■ Material to process:
--
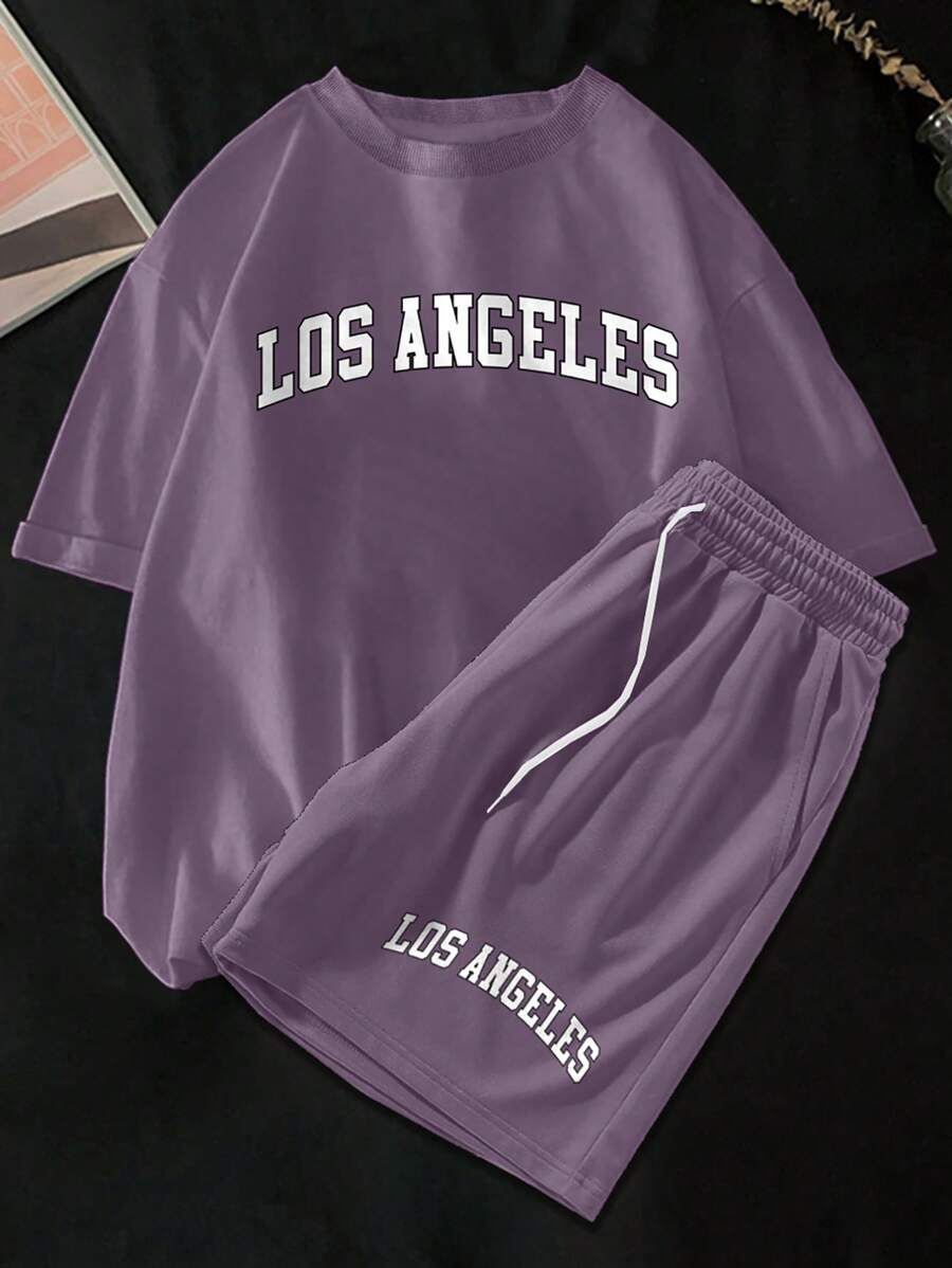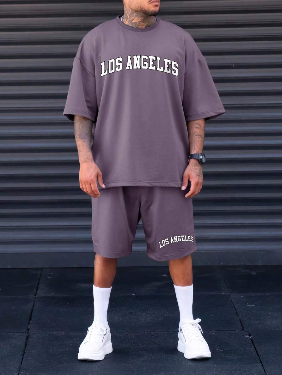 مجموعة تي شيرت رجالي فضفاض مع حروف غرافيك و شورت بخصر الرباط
--
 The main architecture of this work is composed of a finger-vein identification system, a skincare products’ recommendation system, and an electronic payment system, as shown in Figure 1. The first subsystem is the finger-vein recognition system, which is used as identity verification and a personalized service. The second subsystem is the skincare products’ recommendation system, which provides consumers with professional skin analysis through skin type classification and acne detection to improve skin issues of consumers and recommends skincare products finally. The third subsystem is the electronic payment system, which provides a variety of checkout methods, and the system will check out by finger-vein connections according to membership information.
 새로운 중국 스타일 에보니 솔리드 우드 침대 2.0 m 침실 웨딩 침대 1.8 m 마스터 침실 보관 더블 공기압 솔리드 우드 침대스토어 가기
--
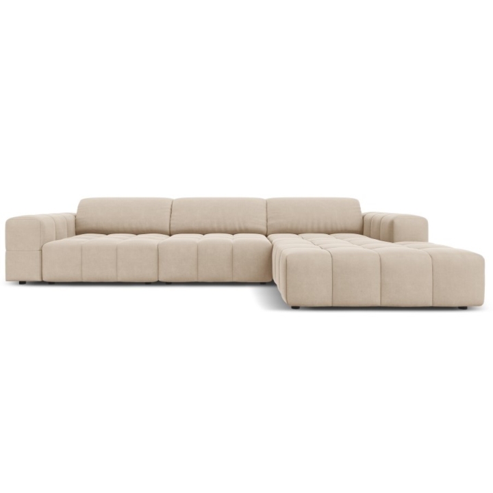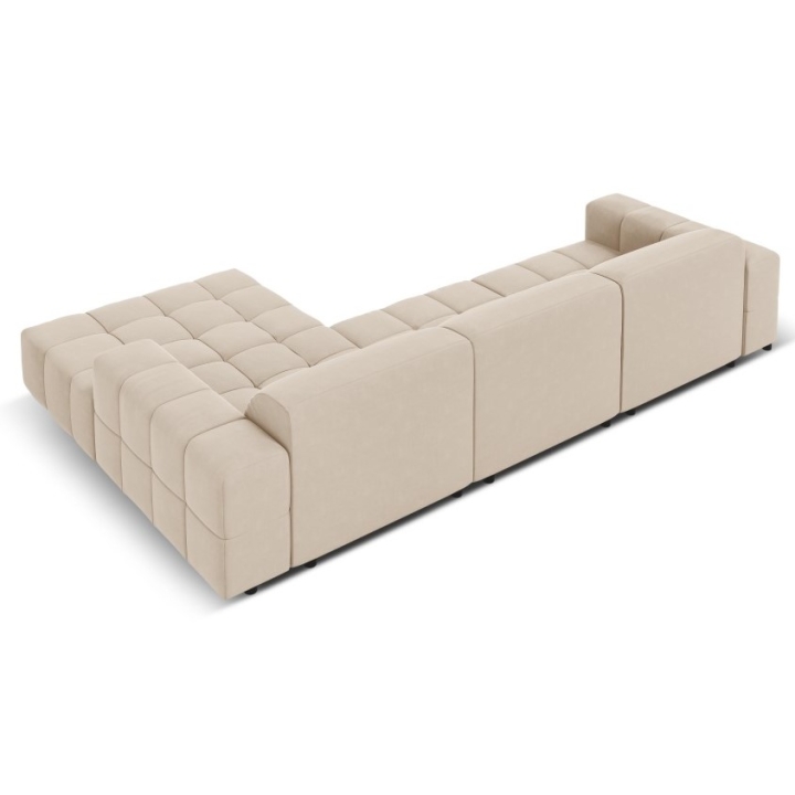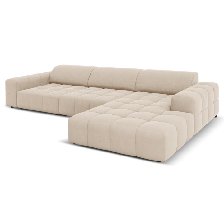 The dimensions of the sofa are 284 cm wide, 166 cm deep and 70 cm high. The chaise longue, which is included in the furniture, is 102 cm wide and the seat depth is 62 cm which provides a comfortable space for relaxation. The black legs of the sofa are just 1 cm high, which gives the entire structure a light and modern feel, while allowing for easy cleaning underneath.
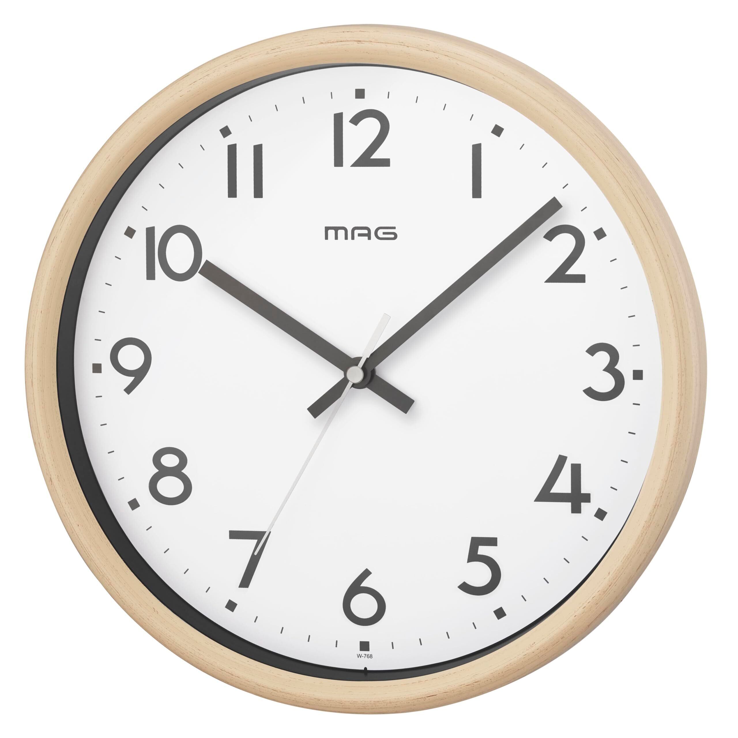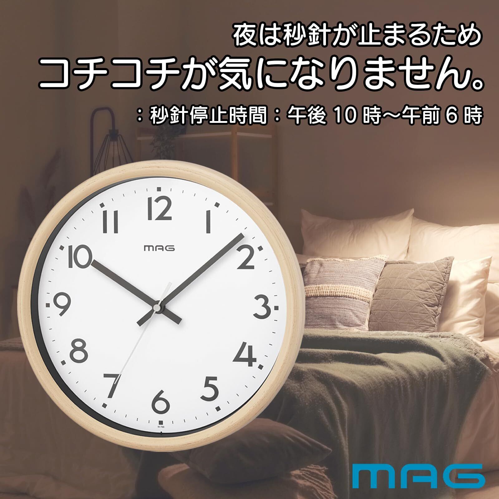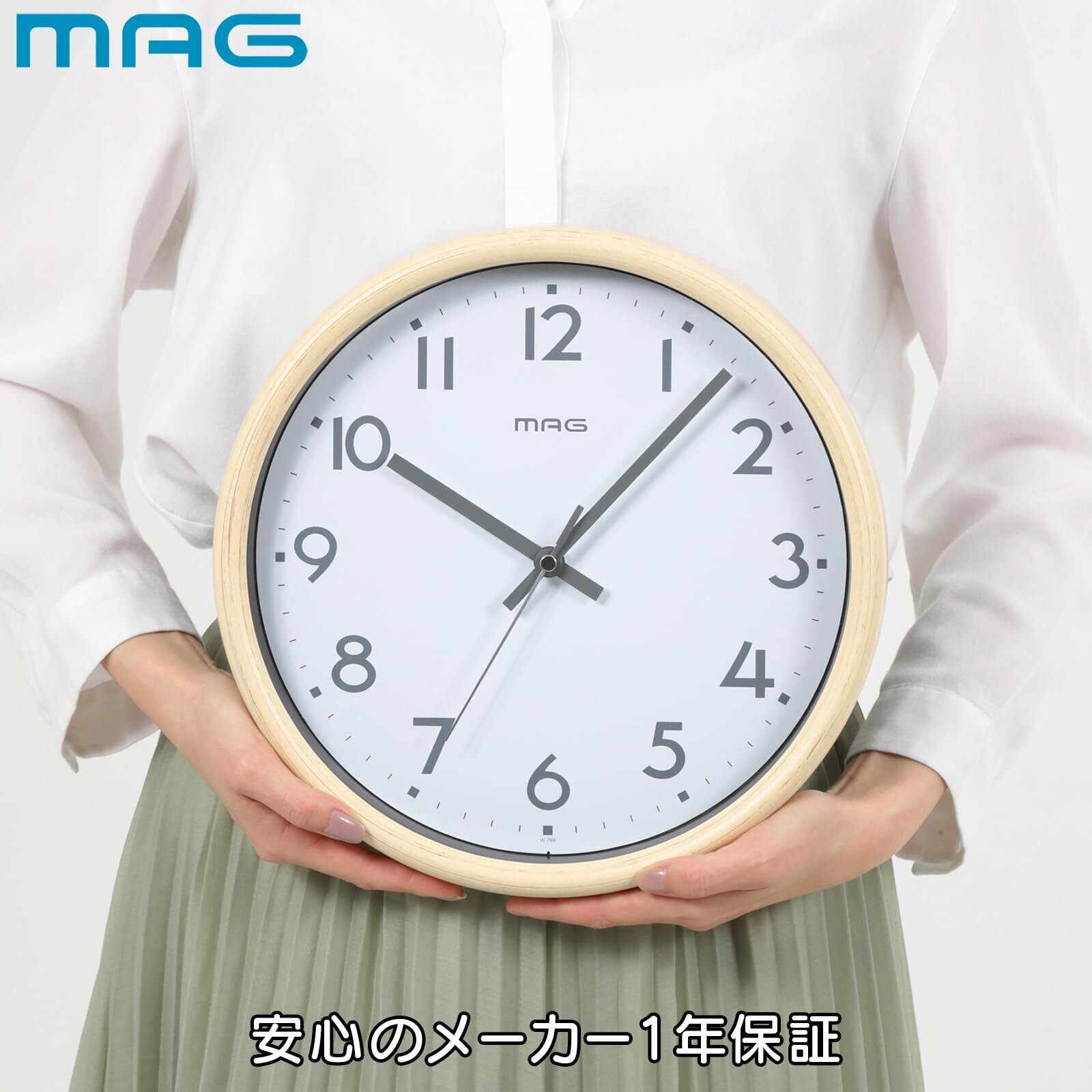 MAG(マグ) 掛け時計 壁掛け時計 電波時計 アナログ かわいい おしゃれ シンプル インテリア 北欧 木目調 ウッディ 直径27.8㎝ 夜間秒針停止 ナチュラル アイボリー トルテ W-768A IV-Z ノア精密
--
■ Exercise directions: Reproduce, word for word, everything in the listing above from the line containing "The dimensions of" down to the line containing "MAG(マグ) 掛け時計 壁掛け時計", both of them included. No pictures.

■ Solution for this exercise:
 The dimensions of the sofa are 284 cm wide, 166 cm deep and 70 cm high. The chaise longue, which is included in the furniture, is 102 cm wide and the seat depth is 62 cm which provides a comfortable space for relaxation. The black legs of the sofa are just 1 cm high, which gives the entire structure a light and modern feel, while allowing for easy cleaning underneath.
 MAG(マグ) 掛け時計 壁掛け時計 電波時計 アナログ かわいい おしゃれ シンプル インテリア 北欧 木目調 ウッディ 直径27.8㎝ 夜間秒針停止 ナチュラル アイボリー トルテ W-768A IV-Z ノア精密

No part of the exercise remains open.